I ended up with a fairly straight-forward one line solution with Java 8 as follows:

我最终得到了一个相当简单的 Java 8 单行解决方案，如下所示：

Map<String, Foo> map = fooSet.stream().collect(Collectors.toMap(Foo::getKey, e -> e));

• fooSet is a set of objects of type Foo, i.e. Set<Foo> fooSet
• Foo has a getter called getKeywhich returns a String

• fooSet 是一组 Foo 类型的对象，即 Set<Foo> fooSet
• Foo 有一个 getter 调用getKey它返回一个字符串

You can convert a Setto a Map(same key and value taken from elements of Set) as shown below:

您可以将 a 转换Set为 a Map（取自 的元素的相同键和值Set），如下所示：

private <T> Map<T, T> toMap(Set<T> set) {
    Map<T, T> map = new ConcurrentHashMap<>();
    set.forEach(t -> map.put(t, t));//contains same key and value pair
    return map;
}

From comment:

来自评论：

I would like to know which items only on left, which only on right, which in common (similar to map difference)
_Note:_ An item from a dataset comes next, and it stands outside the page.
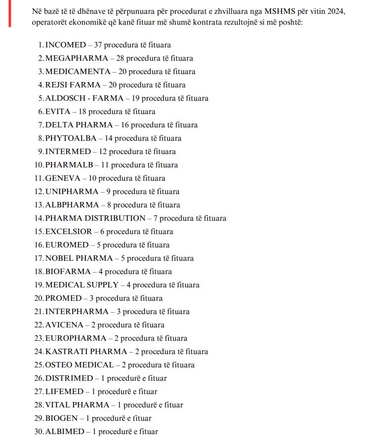 Vetëm kompania INCOMED ka fituar 37 procedura, ndërsa MEGAPHARMA ka fituar 28, duke e bërë praktikisht të pamundur për operatorët e vegjël apo të rinj të konkurrojnë. Ky centralizim i fituesve ngre dyshime serioze për favorizim dhe mungesë reale të barazisë në treg.

我想知道哪些项目只在左边，哪些只在右边，哪些是共同点（类似于地图差异）

Use removeAll()and [retainAll()][3].

使用removeAll()和 [ retainAll()][3].

Example:

例子：

Set<Integer> set1 = new HashSet<>(Arrays.asList(1,3,5,7,9));
Set<Integer> set2 = new HashSet<>(Arrays.asList(3,4,5,6,7));

Set<Integer> onlyIn1 = new HashSet<>(set1);
onlyIn1.removeAll(set2);

Set<Integer> onlyIn2 = new HashSet<>(set2);
onlyIn2.removeAll(set1);

Set<Integer> inBoth = new HashSet<>(set1);
inBoth.retainAll(set2);

System.out.println("set1: " + set1);
System.out.println("set2: " + set2);
System.out.println("onlyIn1: " + onlyIn1);
System.out.println("onlyIn2: " + onlyIn2);
System.out.println("inBoth : " + inBoth);

Output

输出

set1: [1, 3, 5, 7, 9]
set2: [3, 4, 5, 6, 7]
onlyIn1: [1, 9]
onlyIn2: [4, 6]
inBoth : [3, 5, 7]

Now, if you want to know all values and where they were found, you can do this (Java 8):

现在，如果您想知道所有值以及它们的位置，您可以这样做（Java 8）：

Set<Integer> setA = new HashSet<>(Arrays.asList(1,3,5,7,9));
Set<Integer> setB = new HashSet<>(Arrays.asList(3,4,5,6,7));

Map<Integer, String> map = new HashMap<>();
for (Integer i : setA)
    map.put(i, "In A");
for (Integer i : setB)
    map.compute(i, (k, v) -> (v == null ? "In B" : "In Both"));

System.out.println("setA: " + setA);
System.out.println("setB: " + setB);
map.entrySet().stream().forEach(System.out::println);

Output

输出

setA: [1, 3, 5, 7, 9]
setB: [3, 4, 5, 6, 7]
1=In A
3=In Both
4=In B
5=In Both
6=In B
7=In Both
9=In A

See similar answer here.

在这里看到类似的答案。

Assuming that your original set is a set of values (no keys in original data!), you will need to specify keys for the newly created map. Guava's Maps.uniqueIndexmight be helpful (see here)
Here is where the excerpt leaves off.